There were lighter sides to her duties, and one concerned her ‘lower deck band’. When the crew found out that they would be on the station for some time, they decided to buy a full set of brass instruments and form a band. The instruments duly arrived, and the lads got to work to learn how to play them. Eventually they were to be a very good band, but the initial learning session was hard on the ears, so much so that the captain ordered the band ashore to practice. Finally they decided that they were fit for public performances, and the debut was made entering Mombassa Harbour. On the poop stood the ‘guard and band’, with the volunteers playing with much gusto. What the performance was like is hard to say, but the Admiral did sent a tactful (!) signal to Pioneer’s skipper . . . ‘The band sounded lovely entering harbour . . . especially the big drum‘.
When all the fighting in the area had cooled down it was agreed to send Pioneer back to Australia, the idea being that she would pay off and her crew transfer to the new Brisbane.
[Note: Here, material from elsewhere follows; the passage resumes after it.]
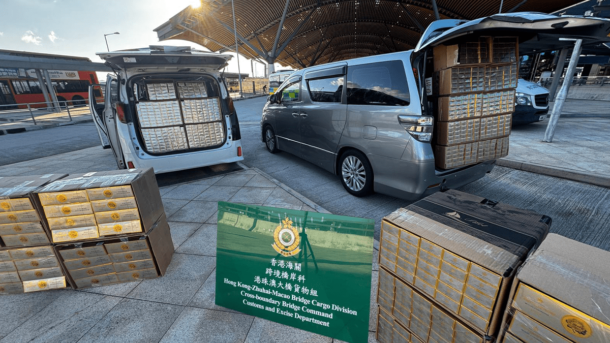海關昨日(13日)與警方新界南交通部執行及管制組於港珠澳大橋香港口岸截查兩輛入境香港的七人車。海關人員在第一輛車內檢獲約13萬支懷疑私煙,分別收藏在車尾箱、後座乘客座位、前座乘客座位底下,部份收藏在暗格。人員隨即拘捕車上的男乘客及男司機,年齡分別為36歲及28歲,報稱為地盤工人及司機。其後海關在第二輛車內檢獲約14萬支懷疑私煙,收藏手法類同,隨即亦拘捕車上的司機及乘客,年齡為51歲及58歲,報稱為司機。
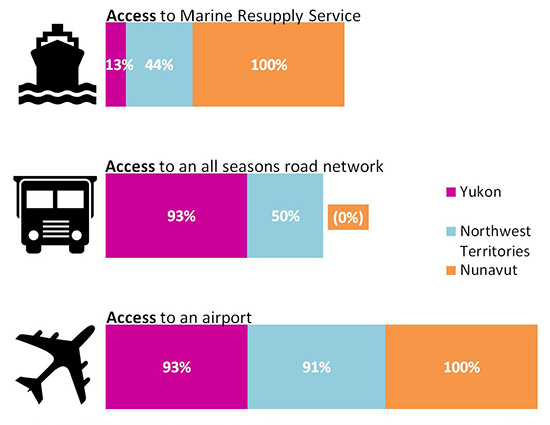 Across the territories, transportation networks vary significantly, particularly between Nunavut and the other two territories. Data is presented by the percentage of communities per type of transportation network with access.

This was good news for the little ship, but the trip home was to be a lot longer than expected. On the 22nd August 1916 Pioneer left Zanzibar with the intention of coaling en route. Her course was to be via the Seychelles, Colombo and through the Sunda Strait. At that time the Dutch were not particularly friendly towards the British, and stood very harshly by strict neutrality when it came to British ships. Pioneer took on coal at Colombo, and intended to put into Batavia for enough to get her home. The Dutch would only identify her as British, and although a belligerent warship was entitled by neutrality laws to take on enough coal to get it to the nearest port of her own nationality, which in this case should have been Darwin, the Dutch maintained that she was British, and only allowed her enough to get to Singapore. Pioneer finally slipped into Port Jackson just before midnight on the 22nd October 1916, and dropped her pick in Watsons Bay. Her seagoing career was at an end.
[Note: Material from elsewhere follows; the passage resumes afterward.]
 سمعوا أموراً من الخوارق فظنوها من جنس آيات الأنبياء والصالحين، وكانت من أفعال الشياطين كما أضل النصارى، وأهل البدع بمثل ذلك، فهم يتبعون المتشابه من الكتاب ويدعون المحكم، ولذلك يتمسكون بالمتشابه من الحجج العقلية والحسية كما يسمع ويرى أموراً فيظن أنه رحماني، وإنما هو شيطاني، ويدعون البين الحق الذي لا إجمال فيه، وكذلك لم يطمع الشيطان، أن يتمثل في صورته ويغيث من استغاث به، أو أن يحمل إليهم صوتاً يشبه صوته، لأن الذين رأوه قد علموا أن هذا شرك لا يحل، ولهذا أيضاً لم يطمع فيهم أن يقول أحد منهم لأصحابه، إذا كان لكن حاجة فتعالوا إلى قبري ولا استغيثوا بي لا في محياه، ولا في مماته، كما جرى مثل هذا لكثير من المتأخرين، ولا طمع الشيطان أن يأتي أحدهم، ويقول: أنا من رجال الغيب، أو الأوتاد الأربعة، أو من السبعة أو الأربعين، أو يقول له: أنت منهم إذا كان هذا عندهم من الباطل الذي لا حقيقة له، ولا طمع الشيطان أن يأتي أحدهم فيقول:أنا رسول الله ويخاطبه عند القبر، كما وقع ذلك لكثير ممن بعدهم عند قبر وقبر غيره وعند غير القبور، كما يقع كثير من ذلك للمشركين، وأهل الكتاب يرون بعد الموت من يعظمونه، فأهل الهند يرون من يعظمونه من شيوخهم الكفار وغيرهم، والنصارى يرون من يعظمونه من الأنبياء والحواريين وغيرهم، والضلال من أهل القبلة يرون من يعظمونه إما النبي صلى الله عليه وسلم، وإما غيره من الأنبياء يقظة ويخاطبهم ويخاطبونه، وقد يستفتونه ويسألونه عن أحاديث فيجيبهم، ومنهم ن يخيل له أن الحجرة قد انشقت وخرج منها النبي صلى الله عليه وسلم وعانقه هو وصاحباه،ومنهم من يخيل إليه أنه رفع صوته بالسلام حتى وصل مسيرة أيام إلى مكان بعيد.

Paid off in November that year, she was used for quite some time as an accommodation ship, and incidentally, the site of the first dental surgery for the RAN. Sold in 1925, she was stripped down to a bare hulk and scuttled in 1931. She is largely forgotten, many present day officers and men have never heard of her, very few relics remain. On show in the Australian War Memorial in Canberra, are her binnacle and one of her little 14 inch torpedoes. Little else remains of this very important ship.